The 10 cm Nebelwerfer 35 (10 cm NbW 35) was a heavy mortar used by Germany during World War II. Much like the American M2 4.2 inch mortar it was intended to deliver chemical munitions, such as gas and smoke shells. Unlike the American weapon it appears to have had an ordinary high-explosive shell from the beginning. It was of conventional design, and was virtually a scaled-up 8 cm GrW 34. It broke down into the standard three loads for transport. The tube weighed 31.7 kg, the baseplate 36.3 kg and the bipod 32.2 kg. Each could be man-packed for some distance, but small handcarts were issued for longer distances.
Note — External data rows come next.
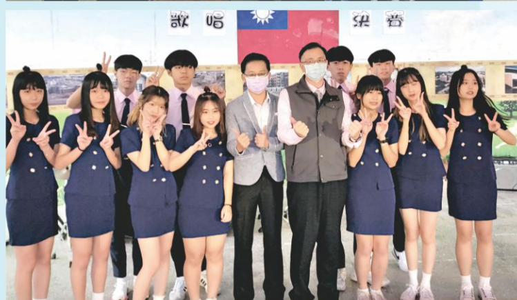
◀校長與會長蒞臨忘年會與親善大使合影
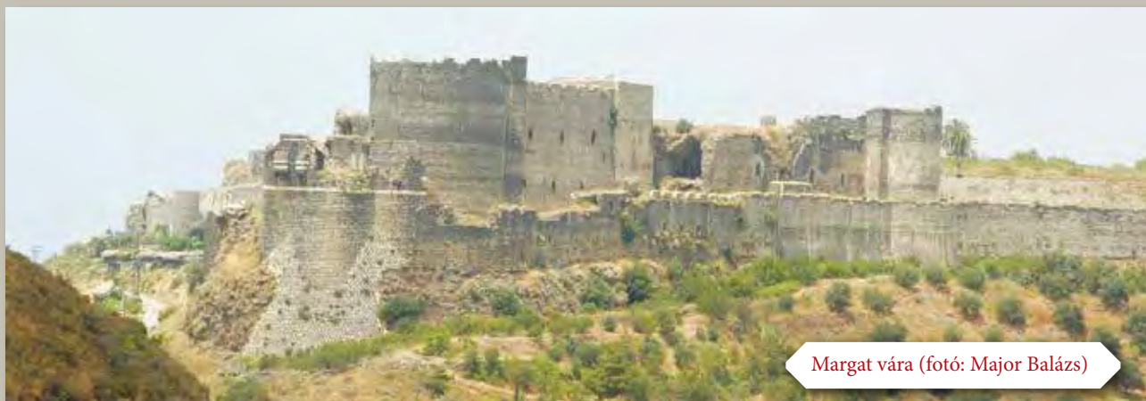
Margat vára

illusztrálja, hogy míg a vár maga egy vulkáni nyúlványra épült, a falfelületek túlnyomó többsége a távoli mészkőbányákban fejtett kváderkövekből épült.
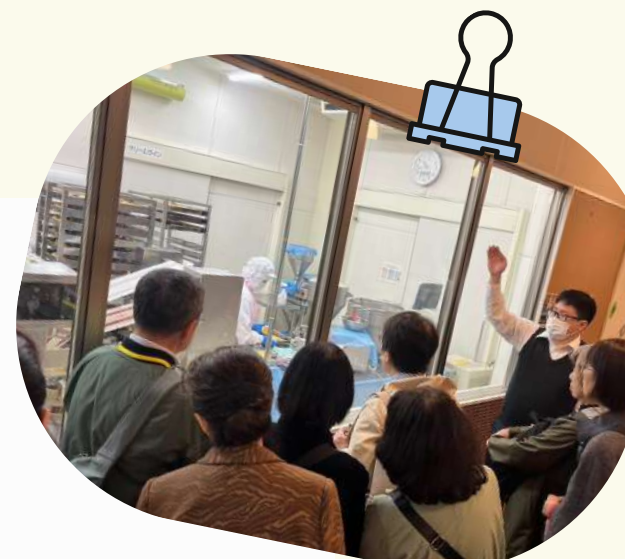
写真（「八天堂きさらづ」にて障がい者雇用について学ぶ様子）

Each mortar squad consisted of a squad leader, three gunners and three ammunition bearers.

It was initially deployed in (Nebelwerfer "smoke mortar") battalions belonging to the Chemical Corps of the Heer; exactly how the American initially fielded their own 4.2 inch mortar in chemical mortar battalions. From 1941 they were replaced by the 10 cm Nebelwerfer 40 and the 15 cm Nebelwerfer 41 multiple rocket launcher.

== Operational use ==
Initially they were deployed in Nebelwerfer battalions numbered 1 to 9, plus the Nebel-Lehr Abteilung (Demonstration Battalion) and saw service in the Battle of France and Russia during Operation Barbarossa.

Specialist units using these mortars were also formed, such as Gebirgs-Werfer-Abteilung (Mountain Mortar Battalion) 10 which was formed in Finland in early 1942 by expanding Nebelwerfer-Batterie 222. This had itself been converted from 8th Battery of Artillery Regiment 222 of the 181st Infantry Division during the invasion of Norway.

Following their replacement in the chemical corps, further uses were found for the mortars, including issue to Fallschirmjager units as heavy mortars.